Write exactly the lines running from the start of the material below to the line that includes "Nikola Jokic is", and include no pictures.

PROVIDED DATA ▸
####

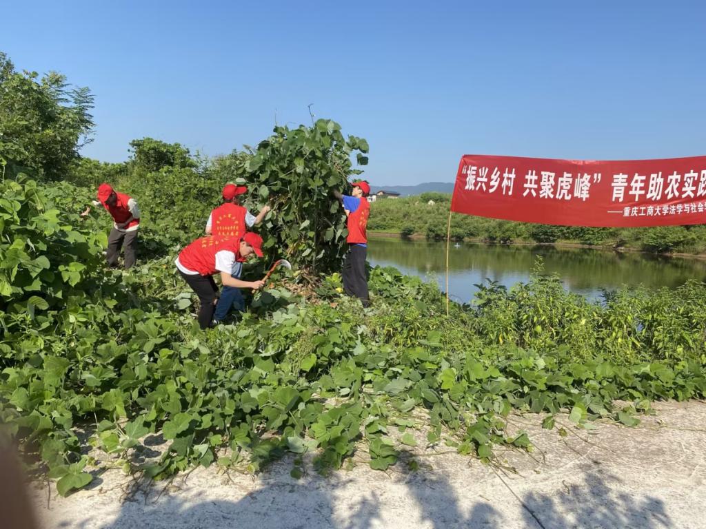 为进一步深入调研铜梁区虎峰镇回龙村特色农业发展的具体情况,助力回龙村产业振兴,大学生志愿者将目光聚焦回龙村的李子园,回龙村村支书冉顺江的带领下访谈周边村民开展产业调研。回龙村以盛产美味李子而闻名李子园的维护面临着一些困难,其中之一就是杂草的生长严重威胁着李子的产量和品质。为了帮助李子园解决这一难题,实践团成员自发组织起来,带上锄头、镰刀等工具,前往李子园进行全面的除草工作并实地拍摄李子园宣传视频为李子销售和包装贡献智慧和力量
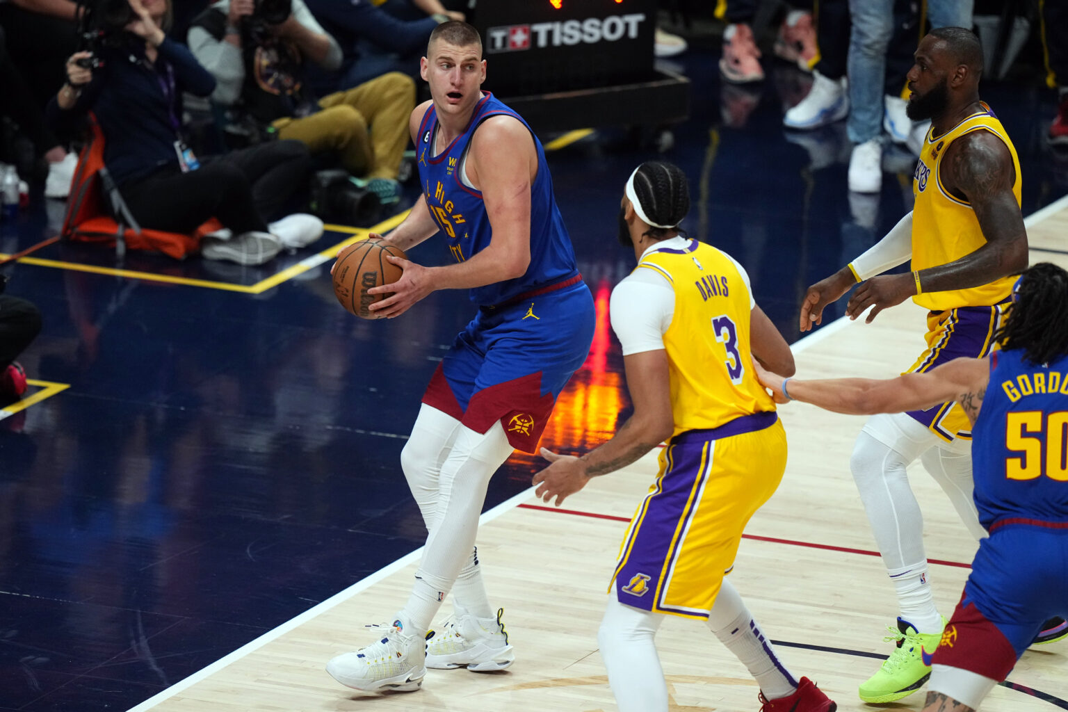 Nikola Jokic is dominating the Los Angeles Lakers in Game 1 of the Western Conference Finals, outrebounding the entire Lakers squad by 12 to 3 in the first quarter.
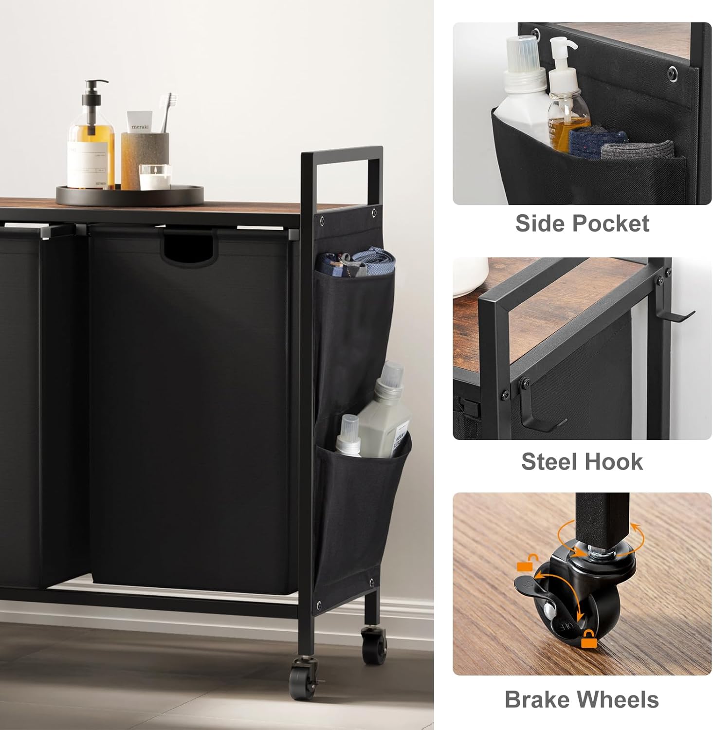 Double Laundry Hamper with Lid, Laundry Sorter with Top Shelf and 2 Removable Bags, Large Laundry Storage for Room, Black

####

RESPONSE BELOW ▸
 为进一步深入调研铜梁区虎峰镇回龙村特色农业发展的具体情况,助力回龙村产业振兴,大学生志愿者将目光聚焦回龙村的李子园,回龙村村支书冉顺江的带领下访谈周边村民开展产业调研。回龙村以盛产美味李子而闻名李子园的维护面临着一些困难,其中之一就是杂草的生长严重威胁着李子的产量和品质。为了帮助李子园解决这一难题,实践团成员自发组织起来,带上锄头、镰刀等工具,前往李子园进行全面的除草工作并实地拍摄李子园宣传视频为李子销售和包装贡献智慧和力量
 Nikola Jokic is dominating the Los Angeles Lakers in Game 1 of the Western Conference Finals, outrebounding the entire Lakers squad by 12 to 3 in the first quarter.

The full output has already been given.